2011年1月27日星期四

And of course you need to move your summoned

And of course you need to move your summoned creatures across the map to get to the enemy creatures and Planeswalker.Another important element of the game is that your Planeswalker can gain experience, level up and unlock talents. These buffs can completely change the way you play the game, Tuttle points out.I was most intrigued, though, by the process the studio went through to convert the sometimes iconic replica A Lange & Sohne 403.032 Men's Watch creatures found in the flat world of the card game into moving 3D animations.Tuttle said there was a lot of back and forth with Wizards of the Coast, the company behind Magic: The Gathering, about the animation.”We had a couple of rules,” he said. “If we use something from Magic the Gathering it had to feel right.

(The spell) Hymn to Tourach had to so something roughly the same in the game that it does in the card game.”But to make the Tactics game work there also had to be some changes.For instance, in the card game a creature that is “unblockable” can attack straight through a defensive army and injure the Planeswalker. In Tactics, where replica A Lange & Sohne 401.026 Men's Watch placement and the map plays a much more important role, unblockable means that the creature can move straight through any terrain or obstruction.The team also had to deal with the issue of defining how a flat illustration would look in motion and in 3D. Typically that wasn't an issue, but the studio ran into a few issues.

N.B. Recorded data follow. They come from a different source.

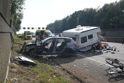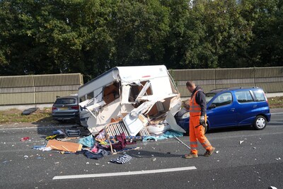 Enorme ravage op de A28: auto met caravan crasht, twee inzittenden gewond
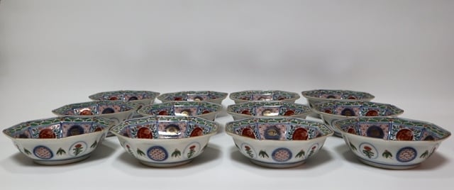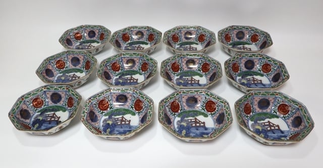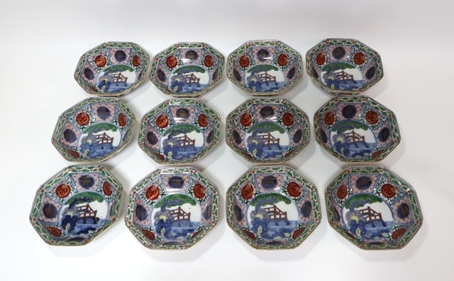 商品説明・大聖寺錦手八角五寸 向う付 12客
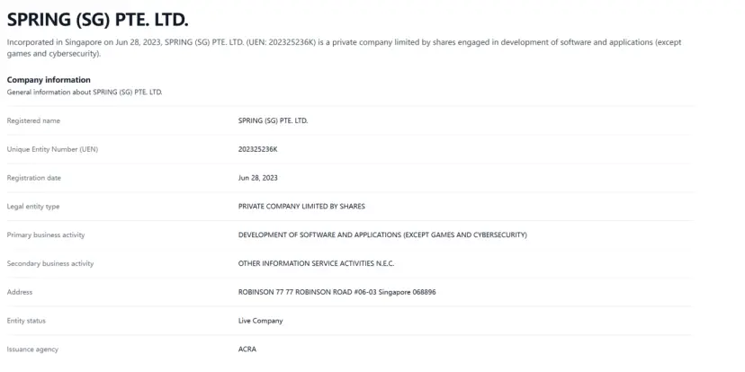 根据新加坡公司注册处(ACRA)的公开信息,SPRING成立于2023年6月28日,可见字节早就猜到现如今美国AI公司对华收紧的局面。而这个时间点,也与全球生成式AI技术爆发式增长的时间线相吻合。
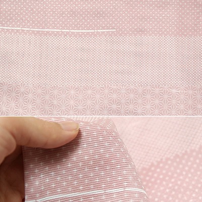 【カラー】褪せたようなシックなピンク色。麻の葉、十字絣など絣風の模様が横段で配しています。淡い柔らかな色合いで、落ち着いたピンクの品のある華やかな雰囲気。
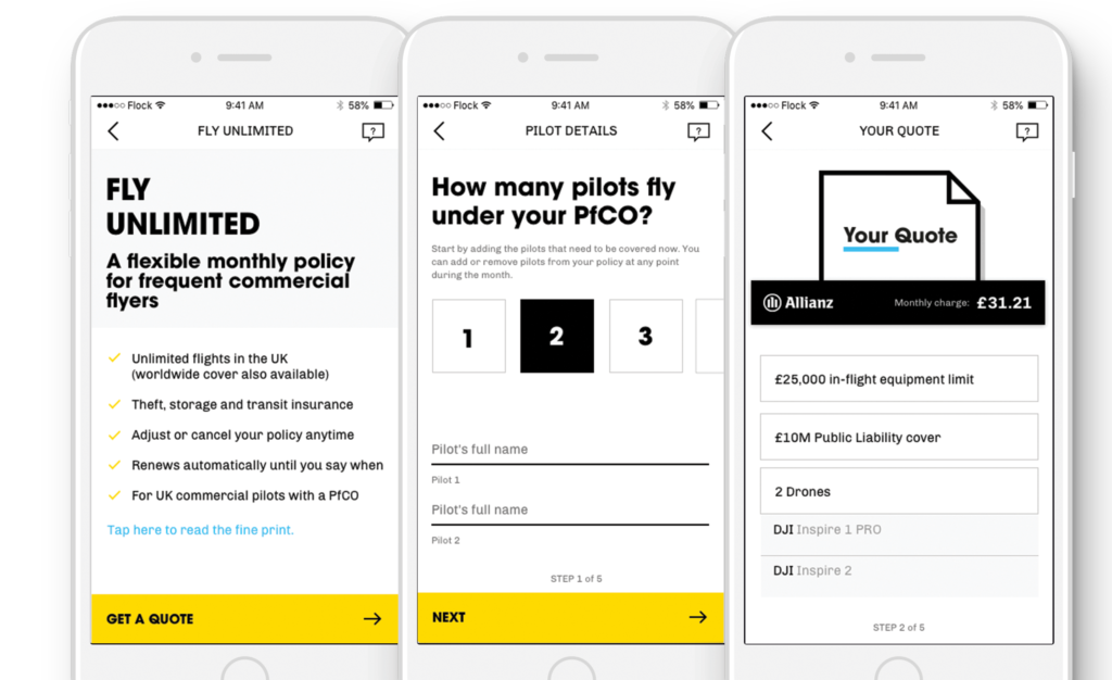 Flock’s Fly Unlimited policies are underwritten by its global insurance partner, Allianz. Cover starts from £24.95 a month, and pricing is driven by the risk-insights Flock has gathered through insuring thousands of drone flights via its Pay-as-you-fly option.
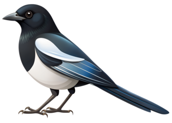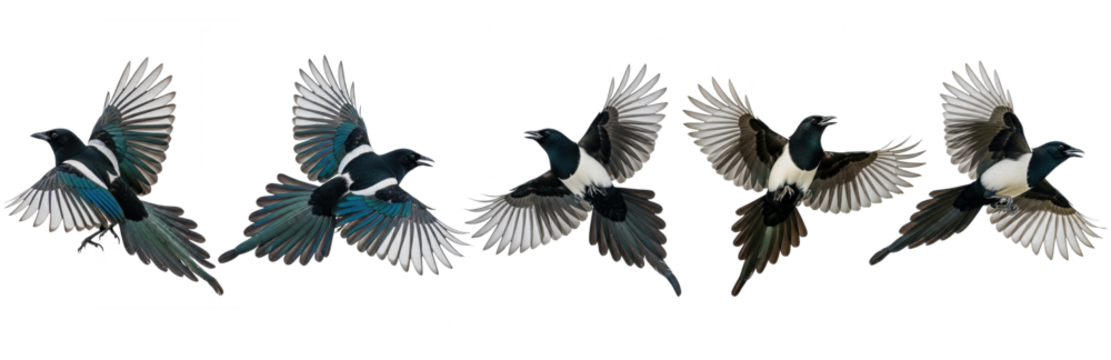 Set Of Magpie Bird Flying In Different Poses isolated on transparent background, PNG ,Eurasian Magpie, Pica pica
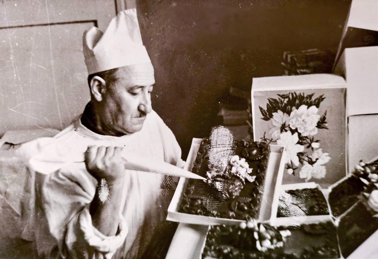 Коллеги из Архивной службы ЛНР опубликовали уникальную фотографию 1954 года, на которой талантливейший луганский мастер Ворошиловградской кондитерской фабрики Савелий Генстель работает над тем самым «Шахтерским тортом».
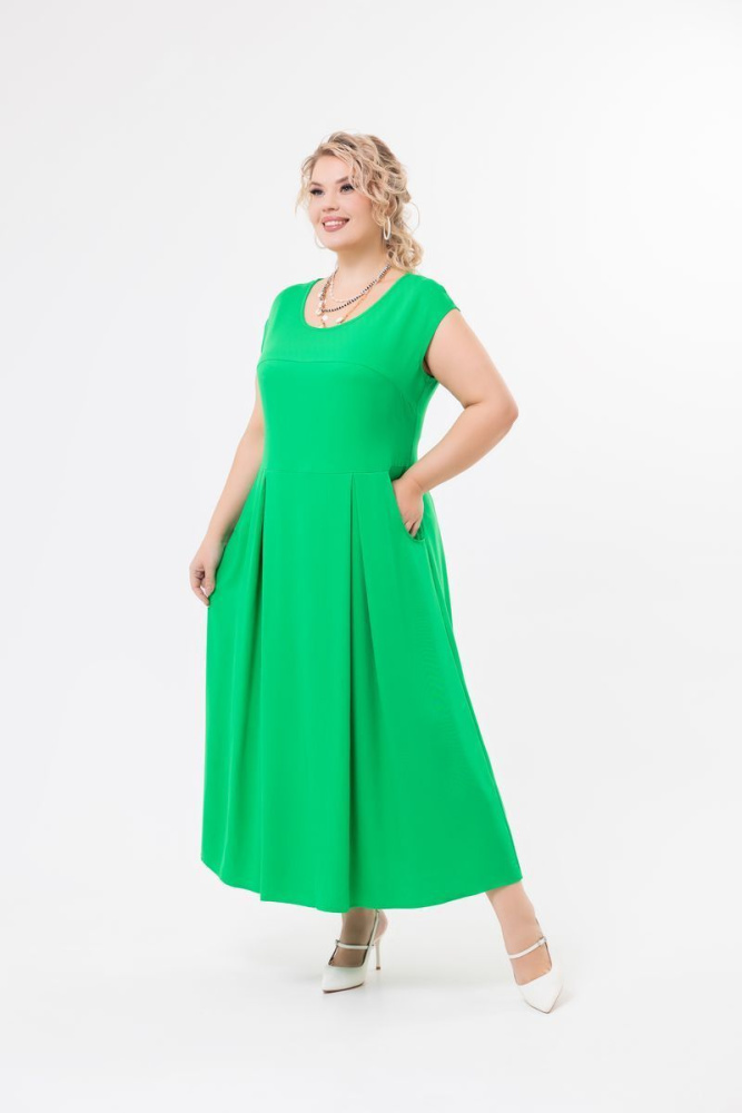 Модель полуприлегающего силуэта с лёгким расклешением выполнена из ткани «Belmando». Вырез горловины круглый. Слегка спущенная линия плеча. По отрезной линии талии заложены складки. Имеются два действующих кармана.
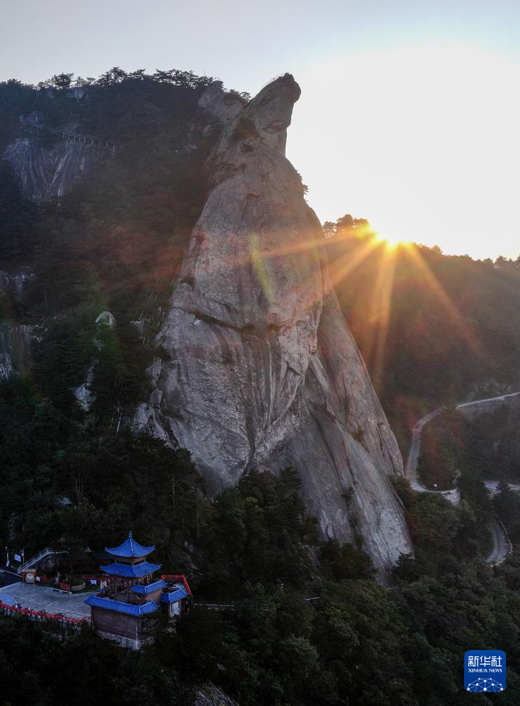 秋日清晨,初升的太阳照在湖北省麻城市龟峰山景区的奇峰怪石上,勾勒出“龟峰旭日”的壮丽景象。
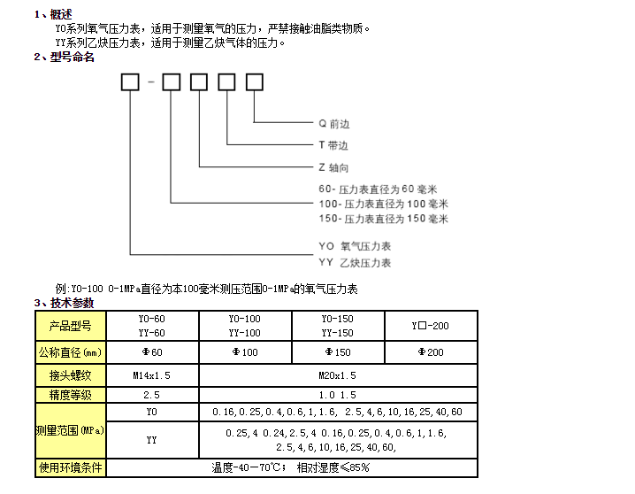 型號: YO-60,YY-60,YO-100,YO-150,YO-200,YY-150,YY-100,氧氣及乙炔壓力表
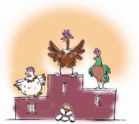 У Курицы счастливое лицо:Снесла пятикилограммовое яйцо!Бригада журналистов сразу появилась:А как у Вас такое чудо получилось?Потупилась: Готового ответа нет…Вообще-то, это мой секрет! —А Ваши планы? – Планы налицо:Снести семикилограммовое яйцо!Понятно, после обратились к Петуху:Вообще-то Ваши достиженья на слуху!А как у Вас такое чудо получилось?Потупился: Готового ответа нет.Простите, это мой секрет…А Ваши планы? – Планы, вашу мать?Да морду Страусу надрать!Петух-ревнивец
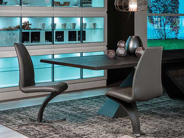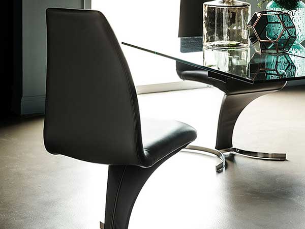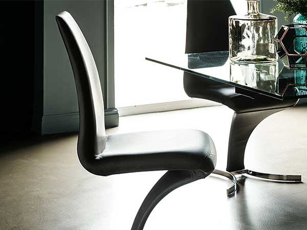 Upholstered chair with steel frame and cover in fabric, synthetic nubuck, micro nubuck, soft leather or synthetic leather as per sample card. Matt white (OP71), black (OP17), graphite (OP69), chromed (08) or titanium (GFM11) embossed laquered steel base. The cover is not removable.

The game's iconic Lord of the Pit, for instance, started out looking much like the original card illustration. On the card, a giant red, winged demon bursts forth from a blossom of red-tinged light, a flame jutting from the top of his head, eyes and mouth. After close examination, the team decided that the illustration depicted the creature with nothing below the ribs, in fact you can see what appears to be jutting ribs and a bit of exposed replica A Lange & Sohne 401.031 Men's Watch spinal cord. So the team created this monstrosity, a giant demon that floats above a dangling bit of entrails and spinal cord. But when Wizards of the Coast saw it, there first question was, “Where's the skirt of crow feathers?”Tuttle went back to the illustrations, the source material, the cards, no skirt, no crow feathers.